The film, a comedy and socio-political satire on current times, was removed from multiplexes and single screens across West Bengal a day after its release with theatre owners claiming they had instructions from “higher authorities” to do so. Interestingly, the identity of these “higher authorities” and the nature of “instructions” given by them is yet to be known.
Meanwhile, Chief Minister Mamata Banerjee has refused to comment on the brewing controversy with protestors blaming the state administration for waging political vendetta against filmmaker Anik Dutta. Dutta, who directed the 2012 blockbuster Bhooter Bhobishyot, had critiqued the government for plastering the venues of Kolkata Film Festival, 2018, with portraits of the chief minister.
“I will not answer. Don’t ask me this question,” Banerjee told reporters at state secretariat Nabanna on Monday when she was asked about the alleged censor.
Tuesday’s protests before Kolkata’s Academy of Fine Arts was attended by Dadasaheb Phalke-winning actor Soumitra Chatterjee and several members of the Bangla film fraternity and intellectuals, including actor Sabyasachi Chakraborty.
While Chatterjee called the move “anarchistic” and “one that demanded bold resistance”, Chakraborty said the screenings were stopped to “spread a reign of fear”.
“My producers are contemplating taking the legal route to see this ban lifted.
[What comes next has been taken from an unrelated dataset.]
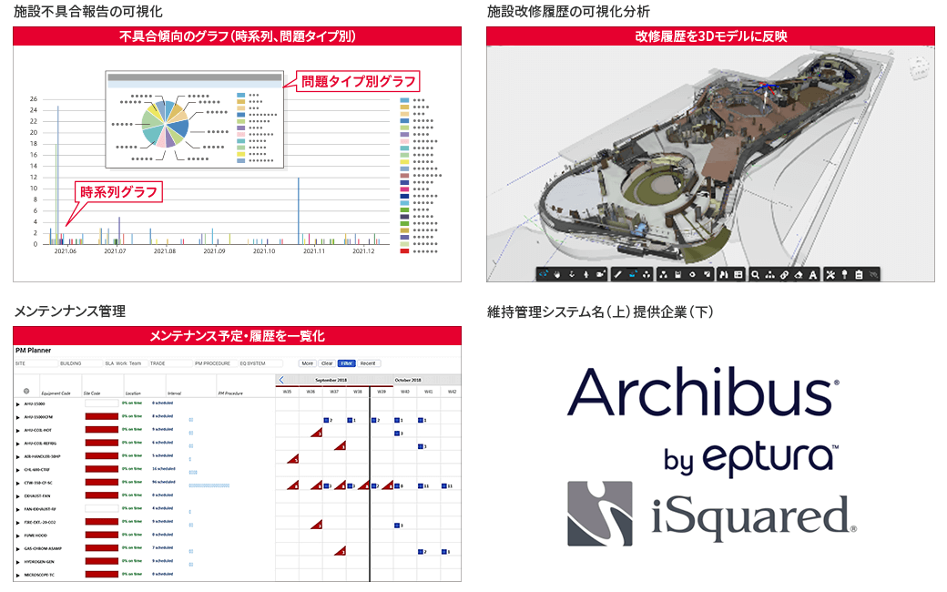 (*1)BIM-FMシステム:建物の設計と施工段階で入力された3次元情報と属性情報を引き継いで、施設運営に役立てるシステム

But it is heartening to see so many members of the fraternity stand shoulder to shoulder in protest. This is no longer my fight now. This is a fight for the entire film community of Bengal who feel this could happen to any of them in future,” Dutta told News18 at the protest site.
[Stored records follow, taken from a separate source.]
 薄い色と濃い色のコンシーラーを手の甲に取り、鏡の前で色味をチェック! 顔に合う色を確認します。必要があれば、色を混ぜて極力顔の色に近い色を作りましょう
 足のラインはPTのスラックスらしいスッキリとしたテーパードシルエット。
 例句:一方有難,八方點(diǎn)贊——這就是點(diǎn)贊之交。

Actor Saayoni Ghosh questioned, “Mamata Banerjee had opposed the attack on Padmaavat and assured the film’s producers all security for its screening in Bengal. Then why is such coercion happening to Bangla films under her watch?”
“It is a shame that we are having to hold such protests on Kolkata’s streets instead of working in front of cameras,” she added.
“Anik Dutta has opinions on certain matters which he is entitled to voice. I sincerely hope this coercion from state authorities is not happening because of that. It would be extremely unfortunate to stop a film that’s bold and funny from reaching the viewers because of some pre-conceived ideas about the director,” said Chandrayee Ghosh, an actor who is also a part of the film’s cast.
The disappointment among protestors could hardly mask their anger. “We hold such protests in places like these which are our comfort zones and don’t get followed up. We should hold a march to the state secretariat Nabanna and directly ask our chief minister what is happening,” said actor Sujoy Prasad Chatterjee, volunteering to be the one to throw the uncomfortable question at Mamata Banerjee.
The snowballing discontent among Kolkata’s film fraternity may just be the push needed to exorcise the ghost that currently engulfs the industry.